WORK TO BE COMPLETED: Write exactly the lines running from the start of the material below to the line that includes "Camisa oversized de", and include no pictures.

SUPPLIED RECORDS:
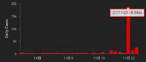 作为非洲疫情最严重的国家,目前南非累计确诊人数超295万,累计死亡人数近9万。尽管11月份上旬南非每日新增病例数始终维持较低水平,但最近一周该数值却激增。当月22日从312例猛增至次日的近2万例;25日新增2465例确诊病例,也将近前一日的两倍。尽管目前还没有证据,但当地科学家怀疑南非这一波新的感染与omicron有关。
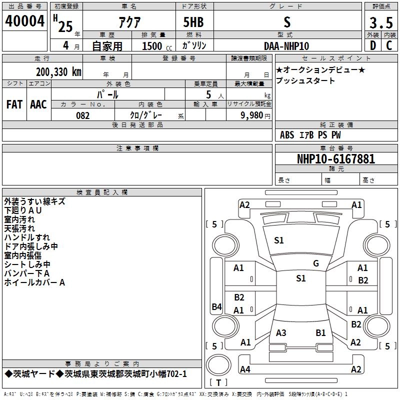 TOYOTA AQUA 2013 г., лот № 40004
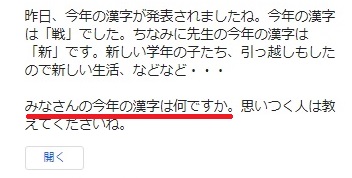 さっそく担任の先生が、Classroomの連絡コーナーに次のメッセージを投げかけられました。
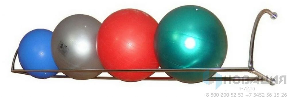 1-уровневая консоль подходит для фиксации гимнастических мячей. Фитболы хранятся между С-образными стойками с горизонтальными перекладинами. Стойки в 4-х точках монтируются к стене.
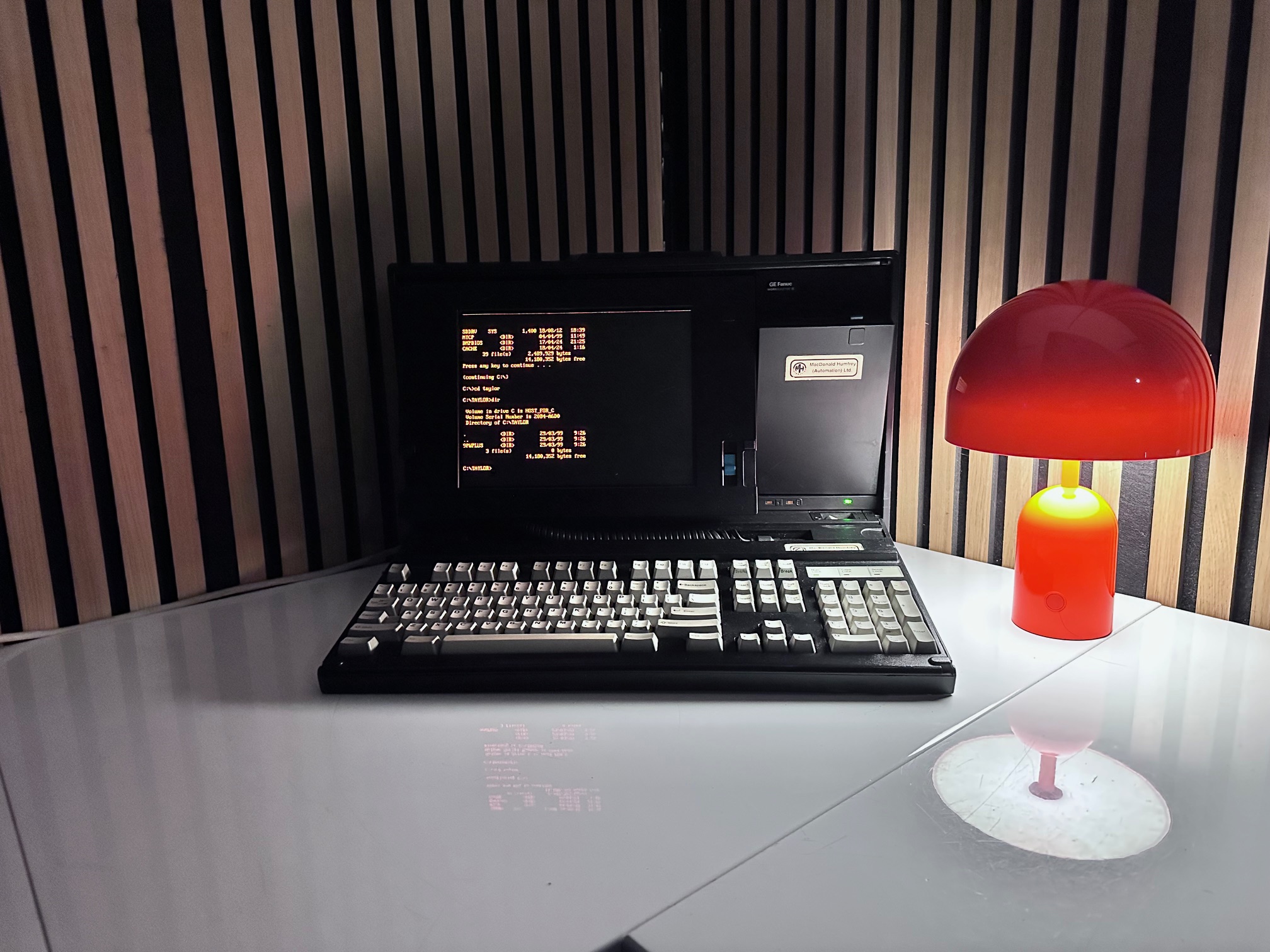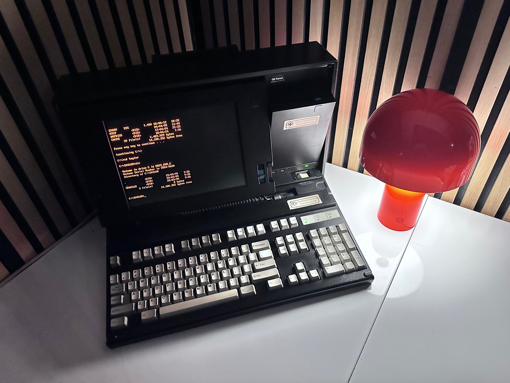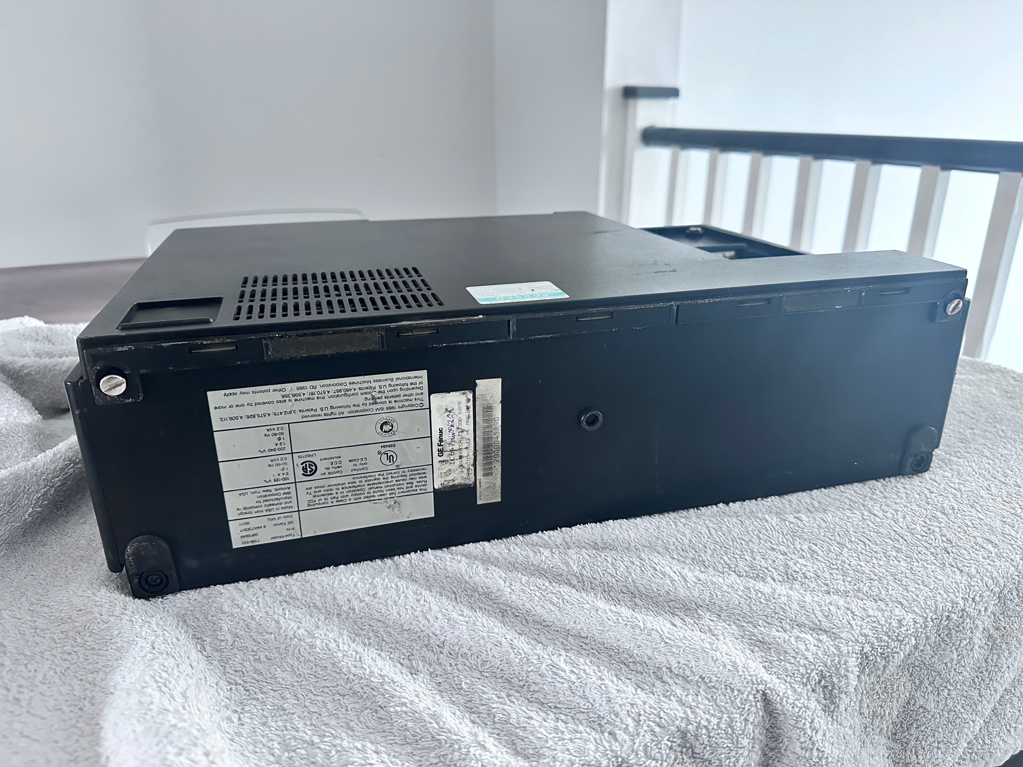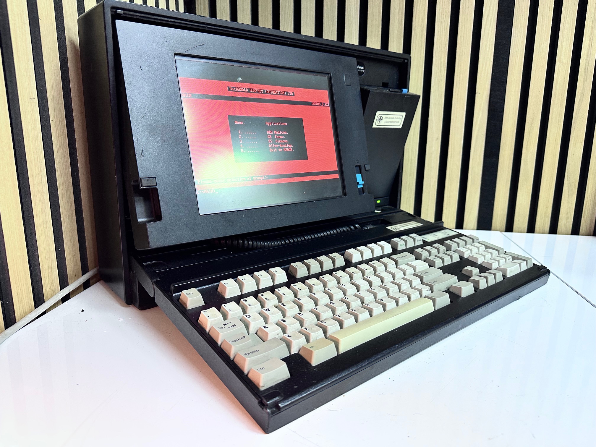 First came GE's Program Development Terminal which was a huge, ancient proprietary computer built into a desk. The PDT tipped the scales at 45kg. The PDT was superceded by the Workmaster I, which was a black modified IBM 5155 CRT-equipped Portable (or Sewing Machine) computer. The Workmaster I was introduced around 1986 as a DOS-based programming tool for GE Fanuc Programmable Controllers. Prior to that, you needed a dedicated prgrammer. GE was among the first to introduce software for PLCs that could run under DOS. The Workmaster 1 had a unique keyboard specific to GE, but the Workmaster II simply has a standard P70 keyboard, albeit encased in black moulded plastic. There was no Workmaster III as GE developed software which most IBM/PC-compatible machines would support and carried data over standard RS-232 serial.
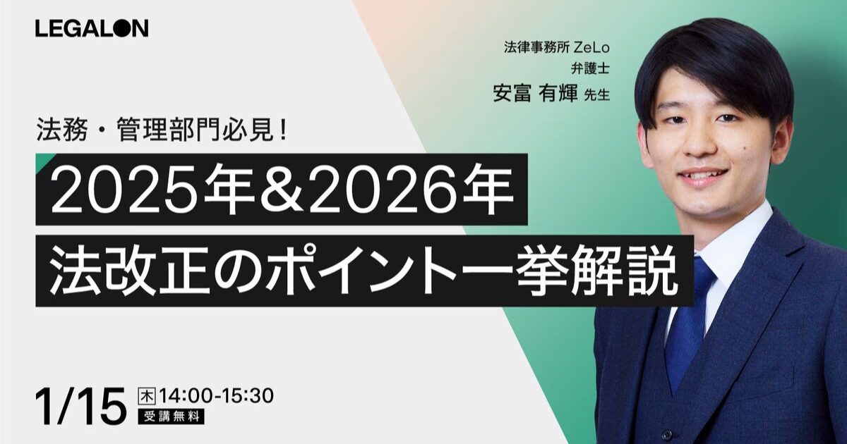 セミナー「法務・管理部門必見! 2025年&2026年 法改正のポイント一挙解説」について
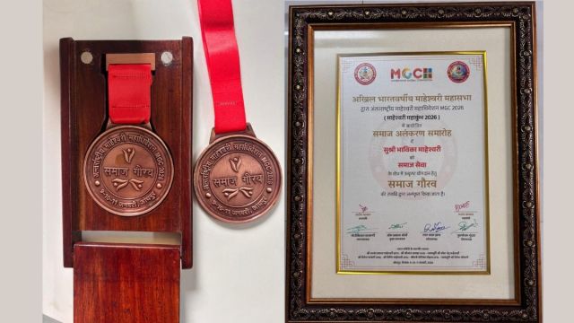 जोधपुर (राजस्थान), फरवरी 09: अन्तरराष्ट्रीय माहेश्वरी महाधिवेशन-MGC 2026 के गौरवमयी मंच पर भाविका माहेश्वरी को प्रतिष्ठित समाज गौरव अलंकरण से विभूषित किया गया। राजस्थान के राज्यपाल माननीय हरिभाऊ बागड़े, सुप्रीम कोर्ट जस्टिस दिनेश माहेश्वरी व जस्टिस जेके माहेश्वरी ने उन्हें इतनी कम उम्र में 500 से ज्यादा स्क्रीन एडिक्शन पर अवेयरनेस कार्यक्रम हेतु ग्लोबल सम्मान भेंट किया
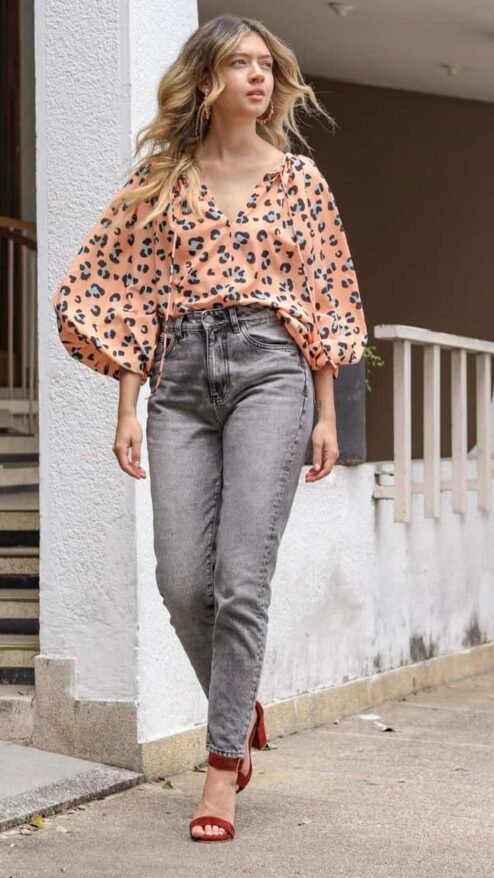Camisa oversized de silueta muy amplia. Manga bombacha y cordón en el cuello con el que puedes ajustarlo y cerrarlo. Estampado de animal print en color negro y celeste, de fondo durazno.
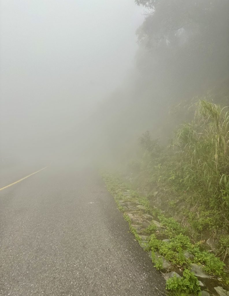 Wouldn’t you know it? Just as the road starts to climb, thick fog descends. It gradually worsens to the point that it’s difficult to see more than a few feet in front. Bugger!

WRITTEN RESPONSE:
 作为非洲疫情最严重的国家,目前南非累计确诊人数超295万,累计死亡人数近9万。尽管11月份上旬南非每日新增病例数始终维持较低水平,但最近一周该数值却激增。当月22日从312例猛增至次日的近2万例;25日新增2465例确诊病例,也将近前一日的两倍。尽管目前还没有证据,但当地科学家怀疑南非这一波新的感染与omicron有关。
 TOYOTA AQUA 2013 г., лот № 40004
 さっそく担任の先生が、Classroomの連絡コーナーに次のメッセージを投げかけられました。
 1-уровневая консоль подходит для фиксации гимнастических мячей. Фитболы хранятся между С-образными стойками с горизонтальными перекладинами. Стойки в 4-х точках монтируются к стене.
 First came GE's Program Development Terminal which was a huge, ancient proprietary computer built into a desk. The PDT tipped the scales at 45kg. The PDT was superceded by the Workmaster I, which was a black modified IBM 5155 CRT-equipped Portable (or Sewing Machine) computer. The Workmaster I was introduced around 1986 as a DOS-based programming tool for GE Fanuc Programmable Controllers. Prior to that, you needed a dedicated prgrammer. GE was among the first to introduce software for PLCs that could run under DOS. The Workmaster 1 had a unique keyboard specific to GE, but the Workmaster II simply has a standard P70 keyboard, albeit encased in black moulded plastic. There was no Workmaster III as GE developed software which most IBM/PC-compatible machines would support and carried data over standard RS-232 serial.
 セミナー「法務・管理部門必見! 2025年&2026年 法改正のポイント一挙解説」について
 जोधपुर (राजस्थान), फरवरी 09: अन्तरराष्ट्रीय माहेश्वरी महाधिवेशन-MGC 2026 के गौरवमयी मंच पर भाविका माहेश्वरी को प्रतिष्ठित समाज गौरव अलंकरण से विभूषित किया गया। राजस्थान के राज्यपाल माननीय हरिभाऊ बागड़े, सुप्रीम कोर्ट जस्टिस दिनेश माहेश्वरी व जस्टिस जेके माहेश्वरी ने उन्हें इतनी कम उम्र में 500 से ज्यादा स्क्रीन एडिक्शन पर अवेयरनेस कार्यक्रम हेतु ग्लोबल सम्मान भेंट किया
Camisa oversized de silueta muy amplia. Manga bombacha y cordón en el cuello con el que puedes ajustarlo y cerrarlo. Estampado de animal print en color negro y celeste, de fondo durazno.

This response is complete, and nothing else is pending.